Official meeting with Las Madres de Ashé
ELIZA SQUIBB: Shipibo Textiles: Creating economic viability and cultural visibility through craft.
Although I visited Cantagallo a few times with my contacts in GIA to meet members of the community and learn my way around, on Sunday, July 14th, it was time for me to present myself officially to the Ashé association. This would officially introduce who I was and what my research was about, and since the community is run by different association, this sort of formality is very important. Walking up to the second level of the community, through the hardware market and the narrow streets, I felt incredibly nervous, and completely out of place in a different culture, landscape, language and ethnicity. I had with me some images of my work and my official letter of introduction that had been spell-checked by two anthropologists as well as the man who ran the copy shop where I went to get it printed out. I was met by Señora Luz and she left me in the company of her cousin while she went to round up other members for the meeting. My nervousness faded away as I was quickly surrounded by teenage girls, all asking me a million questions about my family and my origins, did my parents have blue eyes too? Did I dye my hair?
When the meeting started, I was interested to discover that the first part of it had been organized by a university student to introduce Ashé to another women’s group of textile artisans from the Andes. Three women from this Andina group sat in the meeting room knitting and taking turns introducing their work. They explained that the name of their group, Mama Quilla, meaning mother moon, came from their moon-lit escape from their villages near Ayachucho. Due to terrorism, many of them fled as widows with young children and orphans. They expected help in Lima, but found none, and found themselves incredibly isolated as Quechua speakers far from their natural resources in the mountains. They tried different forms of cleaning jobs that made them sick, and they eventually found support through the church, literacy programs, and training programs. They started making arpilleras, and have become well known for that, even receiving commissions for mural sized arpilleras. They ended this passionate speech by talking about the importance of working together as women and as mothers, sharing stories of trauma, violence and suffering, to salir adelante, to progress, recover and live happily.
(Their website shows some of the arpilleras that portray the violence they suffered)
Although Senora Luz translated much of what was being said into Shipibo, some of the madres of Ashé looked very tired. Luz, in turn, mentioned briefly that there had been incidents of violence that had contributed to the dislocation of some Shipibo from their native villages, but the Shipiba women didn’t speak as openly about this as the Mama Quilla group had. They decided that they would set up a future meeting to exchange techniques; the Andina women had a loom, and the Shipiba were very interested in learning new textile techniques and understanding how the loom worked.
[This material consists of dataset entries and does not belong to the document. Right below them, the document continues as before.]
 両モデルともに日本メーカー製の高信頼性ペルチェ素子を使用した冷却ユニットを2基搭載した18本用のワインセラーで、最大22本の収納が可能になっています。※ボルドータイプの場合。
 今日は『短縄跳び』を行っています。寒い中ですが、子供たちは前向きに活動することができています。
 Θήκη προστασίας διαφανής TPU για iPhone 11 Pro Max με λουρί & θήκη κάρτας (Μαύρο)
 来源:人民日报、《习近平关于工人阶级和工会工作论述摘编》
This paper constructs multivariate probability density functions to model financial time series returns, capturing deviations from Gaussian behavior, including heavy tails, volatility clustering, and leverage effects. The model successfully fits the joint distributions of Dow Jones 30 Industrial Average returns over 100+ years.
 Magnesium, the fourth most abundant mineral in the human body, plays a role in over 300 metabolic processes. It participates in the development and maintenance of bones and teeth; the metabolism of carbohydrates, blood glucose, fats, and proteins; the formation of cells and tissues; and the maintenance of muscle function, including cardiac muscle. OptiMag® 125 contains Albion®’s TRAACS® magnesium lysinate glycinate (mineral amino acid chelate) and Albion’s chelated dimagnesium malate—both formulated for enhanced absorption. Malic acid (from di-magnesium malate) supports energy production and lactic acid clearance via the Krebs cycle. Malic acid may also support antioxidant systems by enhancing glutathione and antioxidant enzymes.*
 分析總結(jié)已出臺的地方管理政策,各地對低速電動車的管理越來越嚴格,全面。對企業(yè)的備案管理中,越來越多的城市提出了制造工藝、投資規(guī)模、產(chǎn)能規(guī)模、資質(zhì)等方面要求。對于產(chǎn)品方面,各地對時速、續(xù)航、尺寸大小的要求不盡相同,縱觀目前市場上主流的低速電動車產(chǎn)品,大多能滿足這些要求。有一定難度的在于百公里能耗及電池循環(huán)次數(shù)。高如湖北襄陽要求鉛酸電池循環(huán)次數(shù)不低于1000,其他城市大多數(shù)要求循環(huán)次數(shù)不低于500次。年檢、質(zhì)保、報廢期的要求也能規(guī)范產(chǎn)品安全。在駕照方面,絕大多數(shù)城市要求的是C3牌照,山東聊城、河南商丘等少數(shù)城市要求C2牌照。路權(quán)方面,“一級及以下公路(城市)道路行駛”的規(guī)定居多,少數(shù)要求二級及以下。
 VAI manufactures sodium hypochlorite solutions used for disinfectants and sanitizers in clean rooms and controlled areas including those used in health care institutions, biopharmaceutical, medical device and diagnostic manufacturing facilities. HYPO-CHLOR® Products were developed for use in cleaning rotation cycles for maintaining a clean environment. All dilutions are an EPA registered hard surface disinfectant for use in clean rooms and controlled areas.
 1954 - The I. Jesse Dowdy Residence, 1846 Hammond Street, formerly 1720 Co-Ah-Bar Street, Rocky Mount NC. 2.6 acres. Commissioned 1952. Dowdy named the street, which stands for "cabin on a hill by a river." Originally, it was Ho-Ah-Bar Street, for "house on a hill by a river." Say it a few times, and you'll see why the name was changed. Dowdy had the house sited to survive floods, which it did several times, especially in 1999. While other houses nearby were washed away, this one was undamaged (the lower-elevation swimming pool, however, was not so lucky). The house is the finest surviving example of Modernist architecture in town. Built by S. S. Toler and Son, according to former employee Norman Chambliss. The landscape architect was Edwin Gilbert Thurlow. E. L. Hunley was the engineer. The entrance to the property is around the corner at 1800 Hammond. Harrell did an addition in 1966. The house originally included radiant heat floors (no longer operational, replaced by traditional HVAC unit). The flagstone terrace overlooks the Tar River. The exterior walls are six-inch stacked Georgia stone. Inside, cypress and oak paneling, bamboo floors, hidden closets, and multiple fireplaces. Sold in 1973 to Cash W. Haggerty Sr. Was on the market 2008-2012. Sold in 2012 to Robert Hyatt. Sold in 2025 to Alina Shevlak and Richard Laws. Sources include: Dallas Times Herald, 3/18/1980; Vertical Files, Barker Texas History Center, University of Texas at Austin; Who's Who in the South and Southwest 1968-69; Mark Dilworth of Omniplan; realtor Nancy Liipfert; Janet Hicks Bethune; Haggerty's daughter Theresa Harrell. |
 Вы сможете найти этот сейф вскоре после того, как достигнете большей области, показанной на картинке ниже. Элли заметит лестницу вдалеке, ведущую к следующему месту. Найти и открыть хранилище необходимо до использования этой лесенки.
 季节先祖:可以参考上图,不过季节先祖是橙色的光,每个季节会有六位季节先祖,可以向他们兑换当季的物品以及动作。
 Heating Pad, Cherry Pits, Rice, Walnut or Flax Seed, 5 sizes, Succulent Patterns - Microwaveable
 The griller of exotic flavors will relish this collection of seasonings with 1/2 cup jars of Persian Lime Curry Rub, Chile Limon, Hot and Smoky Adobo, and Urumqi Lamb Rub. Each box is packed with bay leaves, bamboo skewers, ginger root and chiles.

Once the Mama Quilla group left, we closed our circle of chairs until it was only me and seven madres. The total group numbers 18 madres, but many women were out selling their textiles and therefore not in attendance. I introduced myself and shared the pictures of my work, which were handed around with interest. Luz read my letter and translated for the group, and they proceeded to have a long, animated discussion in Shipibo in which all members participated, and not everyone seemed to agree. Although there were a few words in Castellano thrown into the discussion, it was definitely not enough for me to understand what they were talking about. Eventually, they explained to me that they had lingering feelings of frustration because so many people had come to them claiming that they wanted to learn about Shipibo culture and textile techniques, promising to help the madres, but in the end, people never kept these promises. “People come, and we show them our textiles, and they take pictures, and we see these pictures on their websites, but what good does that do us? They always leave without doing what they said they would do!”
This frank and honest statement allowed us to continue our discussion with the utmost clarity of intention. I explained that I was a student, and I didn’t yet have a full understanding of the problems they had or what they might need help with, of course, it is important to me to help, but I have to understand how they work, and when we find something that I can help them with that’s feasible in the time frame, then I will do it, no matter what, and not leave until it’s done! They explained to me that what they need most is a secure market, their only opportunities to sell come from occasional fairs and working as walking street vendors in the city center. We talked about possible opportunities for craft markets in the US, and I explained that I didn’t know much about this, but I can help them research and email questions. I also thought of a technique workshop that I could do with them, because they are very interested in learning new techniques. We decided that we would meet again to continue the discussion when all the madres could be present. They all accompanied me through the narrow streets to the central square, but before leaving, they took me to Fidelia’s house to show me her textiles. In the tiny living room, all the walls were covered with embroidered and painted cloths. In this less-formal environment, I was able to talk with Fidelia about how she sells her textiles, and how she explains her culture to the people who buy them. Needless to say, I did not take any pictures!
The ride home, on two different combis, was wonderfully uneventful. I did not get lost, receive counterfeit money, or any other such adventures. I don’t think I can accurately describe the impression that this meeting had on me, and my mind was churning for days, making plans, and coming up with ideas. I was looking for ways that artisans exercise their agency as creators of their own culture and craft, and I found myself right in the middle of it.